I’m bored of talking about Facebook but I can’t stop myself.

Two essays (here and here) present the apotheosis of Facebook hating (as a business model). Here’s a quote that about sums it all up. I think.

Facebook is not only on course to go bust, but will take the rest of the ad-supported Web with it.

I say ‘I think’ because the authors present all kinds of complicated analysis extrapolating their hating on facebook to hating on display advertising in general. “It’s a bubble!” and whatnot.

I don’t know, I’m sure they’re very smart, but I can’t figure any of it out.

So let’s just leave it to the marketplace.

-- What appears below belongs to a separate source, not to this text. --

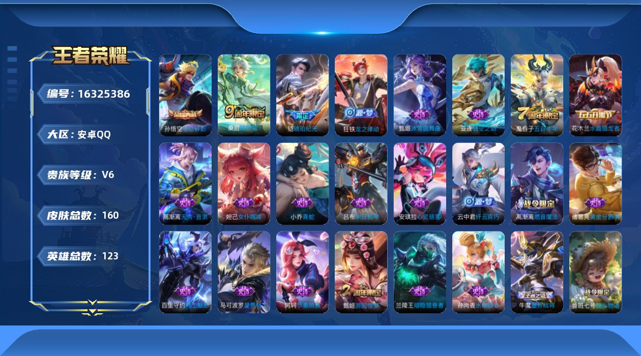 [16325386]安卓q-v6-最强王者段位-123英雄-160皮肤-1典藏皮肤-2传说-35史诗 【荣耀典藏】:孙悟空全息碎影 【传说皮肤】:桑启鸣野蒿,铠琥珀纪元 【限定皮肤】:蔡文姬夏日便利店,虞姬夏日便利店,姜子牙天穹之誓,狄仁杰阴阳师,赵云皇家上将,庄周高山流水,高渐离玩趣恶龙,甄姬游园惊梦,狄仁杰魔术师,狄仁杰万华元夜,达摩沙漠行僧,项羽海滩派对,老夫子醍醐杖,程咬金演武夺筹,兰陵王金庭之子,李元芳云中旅人,钟馗驱傩正仪,鬼谷子原初探秘者,鬼谷子五谷丰年,苏烈千军破阵,沈梦溪大漠名商,裴擒虎擒涛扼浪,云中君纤云弄巧,鲁班大师探海日志,桑启海盐诗旅,张良古海寻踪,高渐离燃音魔法,妲己灵卜魔法,鬼谷子天穹祈灯,铠琥珀纪元,沈梦溪龙舞盛年,鲁班七号蔬乡物语,李元芳蔬乡物语,刘邦剑破天穹,程咬金群星魔术团,周瑜熔金海岸 【赛季限定】:狄仁杰万华元夜,达摩沙漠行僧,老夫子醍醐杖,程咬金演武夺筹,兰陵王金庭之子,张良古海寻踪,李元芳云中旅人,钟馗驱傩正仪,鬼谷子原初探秘者,苏烈千军破阵,沈梦溪大漠名商,裴擒虎擒涛扼浪,鲁班大师探海日志,桑启海盐诗旅,鬼谷子天穹祈灯,刘邦剑破天穹,姜子牙天穹之誓 【战令限定】:蔡文姬夏日便利店,虞姬夏日便利店,高渐离燃音魔法,妲己灵卜魔法,鲁班七号蔬乡物语,李元芳蔬乡物语 【史诗皮肤】:赵云皇家上将,貂蝉圣诞恋歌,甄姬冰雪圆舞曲,王昭君偶像歌手,狄仁杰魔术师,宫本武藏鬼剑武藏,孙尚香水果甜心,嬴政摇滚巨星,妲己女仆咖啡,吕布末日机甲,张飞乱世虎臣,花木兰水晶猎龙者,刘邦德古拉伯爵,兰陵王暗隐猎兽者,诸葛亮黄金分割率,甄姬游园惊梦,亚瑟心灵战警,雅典娜冰冠公主,安琪拉心灵骇客,百里守约特工魅影,刘禅天才门将,程咬金功夫厨神,阿轲节奏热浪,小乔青蛇,云中君纤云弄巧,庄周高山流水,高渐离天秀音浪,鬼谷子五谷丰年,妲己灵卜魔法,高渐离燃音魔法,鲁班七号蔬乡物语,蔡文姬夏日便利店,亚连破空之剑,马可波罗星界特工,牛魔星界战将,狂铁龙之律动 【其他皮肤】:项羽海滩派对,韩信教廷特使,韩信街头霸王,露娜哥特玫瑰,阿轲爱心护理,达摩大发明家,赵云忍炎影,芈月红桃皇后,白起白色死神,武则天东方不败,扁鹊救世之瞳,宫本武藏未来纪元,妲己少女阿狸,典韦黄金武士,达摩拳王,花木兰兔女郎,甄姬花好人间,宫本武藏万象初新,后羿阿尔法小队,狄仁杰阴阳师,刘备汉昭烈帝,关羽龙腾万里

There are two groups of businesses: those that advertise on Facebook and those that don’t. If Facebook’s products are awesome, it’s going to make its clients rich by making their businesses ridiculously successful. And those businesses will push out the non-Facebook businesses. And Facebook will rule the world.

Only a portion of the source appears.